New Jersey governor says will freeze tolls after saying he'd revive 'monetization' on smaller scale
Posted on Sat, 2009-10-31
Toll Road News

A close political race for state governor in New Jersey, and accusations that incumbent Gov Jon Corzine was reviving his 2006 plan for monetization of the Turnpike produced a commitment to freeze tolls during his next term. "No toll increases, no leasing of the turnpike...Off the table. Not happening, period." That's how Gov Corzine spoke today after tolls became a furore that he judged threatened his re-election.

Gov Corzine, Democrat, is in a close political race with Republican Chris Christie. He was quoted in the New York Times Thursday as saying his previous plan for 'monetizing' the Turnpike based on increases of as much as 800% in toll rates by 2022 was  “too big, too fast, at the wrong time."
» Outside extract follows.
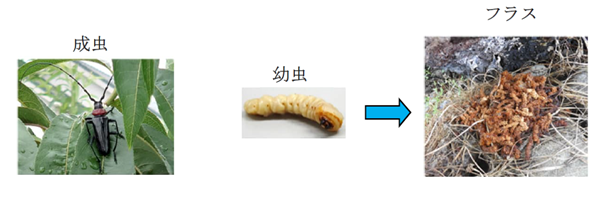 〇幼虫は樹木の中を食い荒らし、フラス(木くずと幼虫が排出するフンが混ざったもの)を大量に出しながら2~3年かけて成長する。このため、食害が進むと樹木が枯死し、ウメ、モモの果樹園では農業被害の発生、公園や街路樹等では倒木などの被害の発生が懸念される。

The size of toll increases was unacceptable, Corzine said, because of the developing recession.

"Maybe we just need to scale it back..."

But, as reported yesterday by the NY Times, he said "the idea worked” and he added: "So maybe we just need to scale it back.”

In 2008 Corzine said he was abandoning the monetization plan. He couldn't get legislative support. However toll rates were increased by 40% with a commitment then to another 40% increase in 2012.

Corzine had floated mini-monetization before

Gannett's state reporter Michael Symons writes that in a debate at William Paterson University Oct 16 Corzine said:

"There's no question that the plan that I laid down (for monetization of the Turnpike) was too much, too fast for the circumstances, particularly within the context of a recession that we took on.

"But the problems that underlie what we were attempting to accomplish — pay down debt by a half, make sure that we had the resources to be able to fund quality transportation system and to make sure that we provided for open space — was what we had the conversation with the public about."

"We still have to fix those problems. Unattractive alternatives are fundamental to how you will be able to do that. But we need to make sure that we're moving forward and address that."

"New York Times got it wrong"

Today Corzine said the New York Times "got it wrong."

He said he was talking about how "we may raise money out of our reststops on properties that surround the turnpike."
COMMENT: There is no serious extra money in rest stops or land along the New Jersey Turnpike.

Rest stops are already contracted as concessions having been auctioned to the highest bidder.The Turnpike needs more land for widening, and any land it has to sell is low value because of utility easements, traffic noise and difficulties of access.

Most toll authorities periodically look at what land they can sell, and what extra income they can get from non-toll activities in order to avoid unpopular toll increases. There's usually not much there.

Accusing the New York Times of misreporting him is a classic case of shooting the messenger. They appear to have reported him quite accurately. However what he had said suddenly became a political liability, so he needed to "unsay" it by denouncing their quite accurate reporting.